How to complete this task – The output should contain the listing word for word and no pictures.

Raw data –

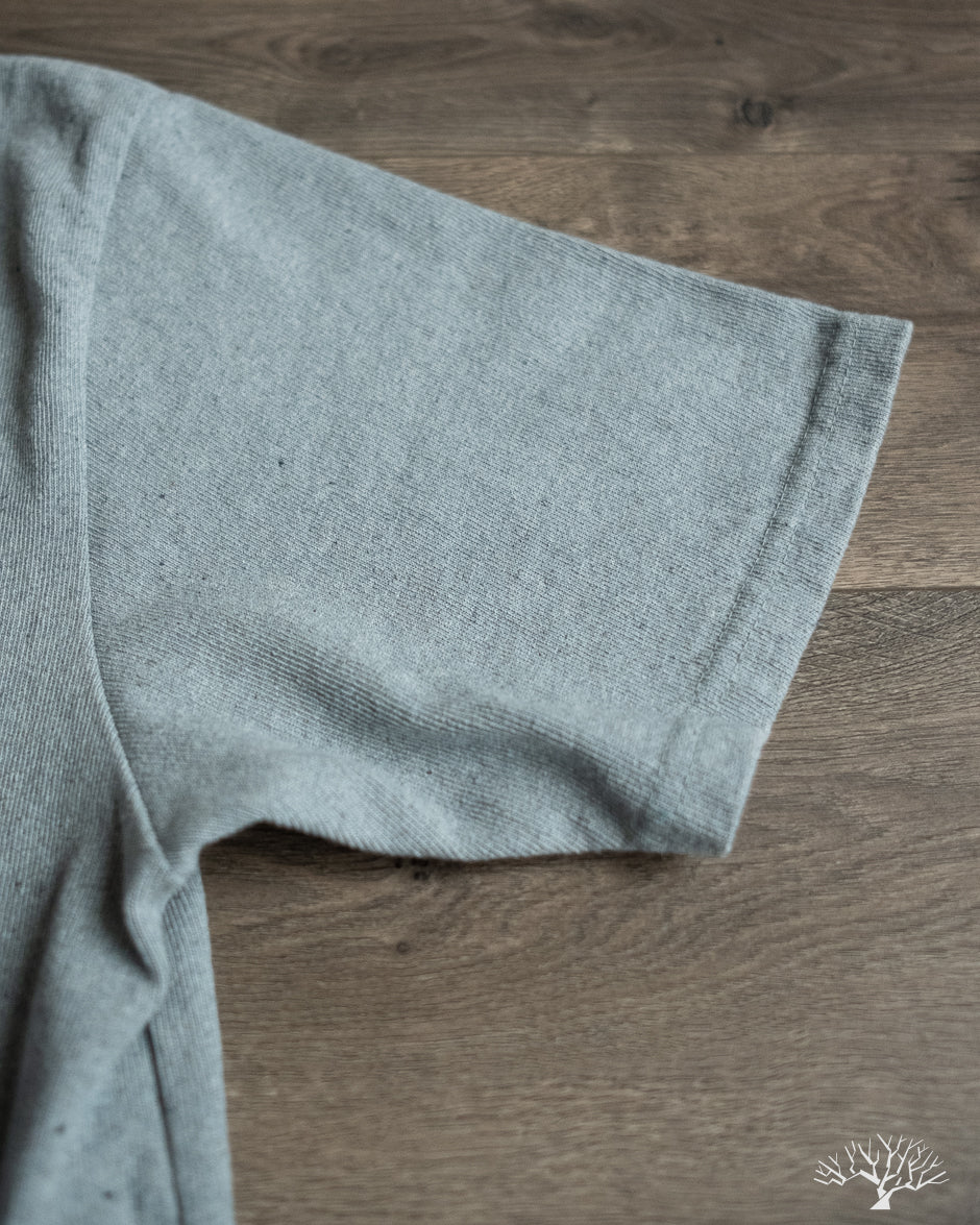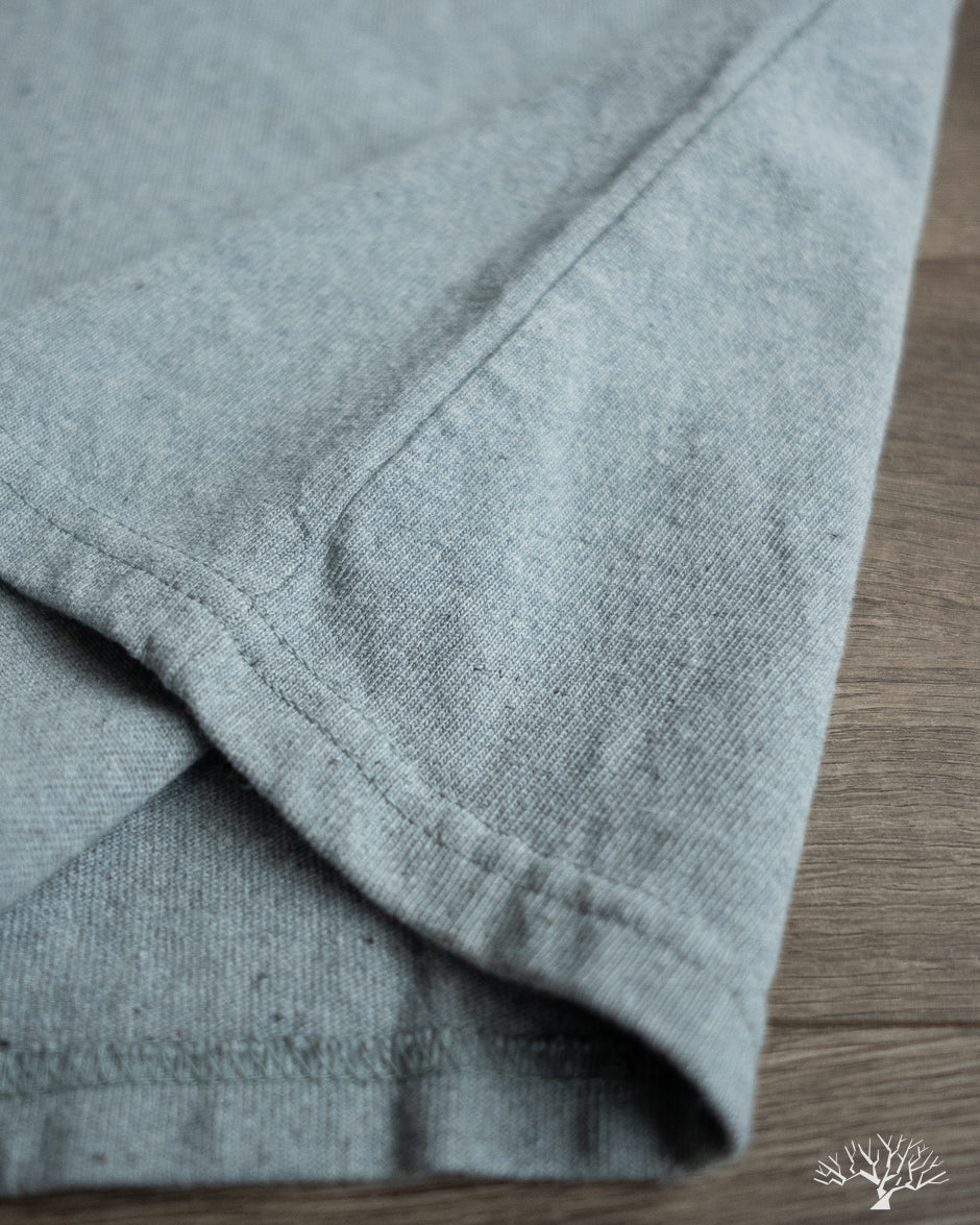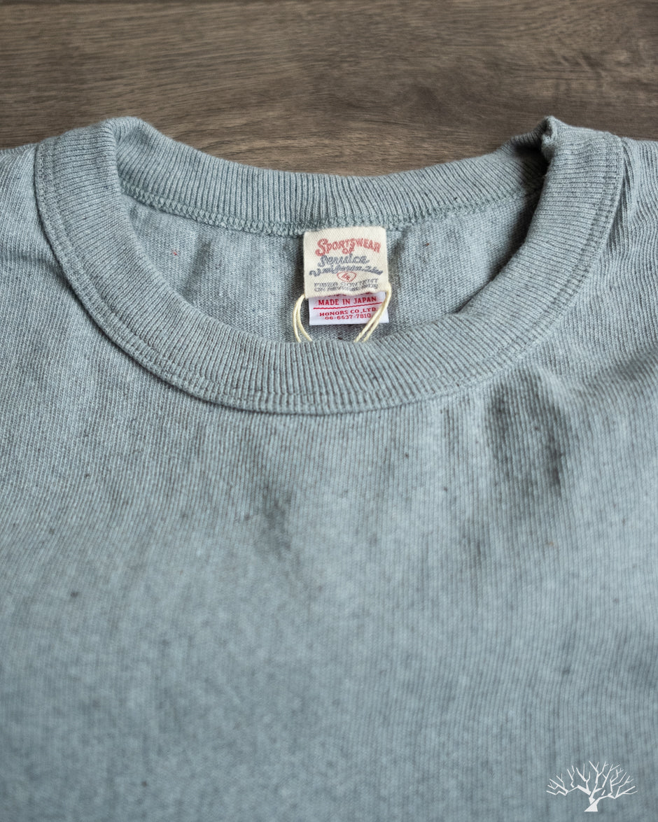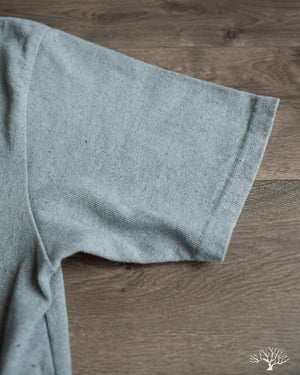 The UES Recycled Denim T-Shirt in Sax Blue is a newer style featuring recycled denim yarn from Ferree in Spain. The result is a heathered light indigo appearance that is similar in weight to their flagship No. 8 Slub T-Shirt, but with slightly less slub and a softer, fuzzier hand. Note that these t-shirts are more prone to fade and change in color when exposed to sunlight; to minimize this change, UES recommend storing away from direct sunlight.
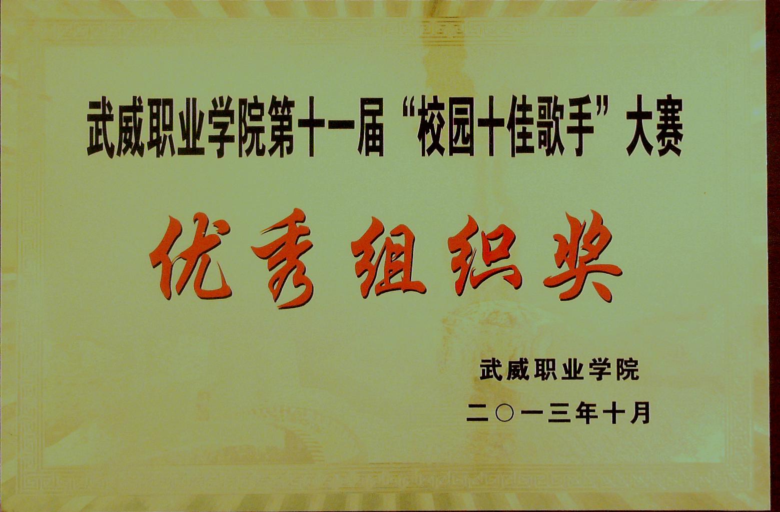 “校園十佳歌手”大賽優(yōu)秀組織獎
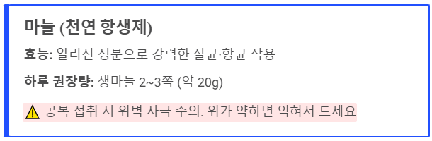 - ⚠️ 주의사항: 공복에 생마늘을 많이 먹으면 위벽을 자극해 속 쓰림이나 위염을 유발할 수 있습니다. 위가 약하다면 익혀 드세요.

Response to the exercise –
 The UES Recycled Denim T-Shirt in Sax Blue is a newer style featuring recycled denim yarn from Ferree in Spain. The result is a heathered light indigo appearance that is similar in weight to their flagship No. 8 Slub T-Shirt, but with slightly less slub and a softer, fuzzier hand. Note that these t-shirts are more prone to fade and change in color when exposed to sunlight; to minimize this change, UES recommend storing away from direct sunlight.
 “校園十佳歌手”大賽優(yōu)秀組織獎
 - ⚠️ 주의사항: 공복에 생마늘을 많이 먹으면 위벽을 자극해 속 쓰림이나 위염을 유발할 수 있습니다. 위가 약하다면 익혀 드세요.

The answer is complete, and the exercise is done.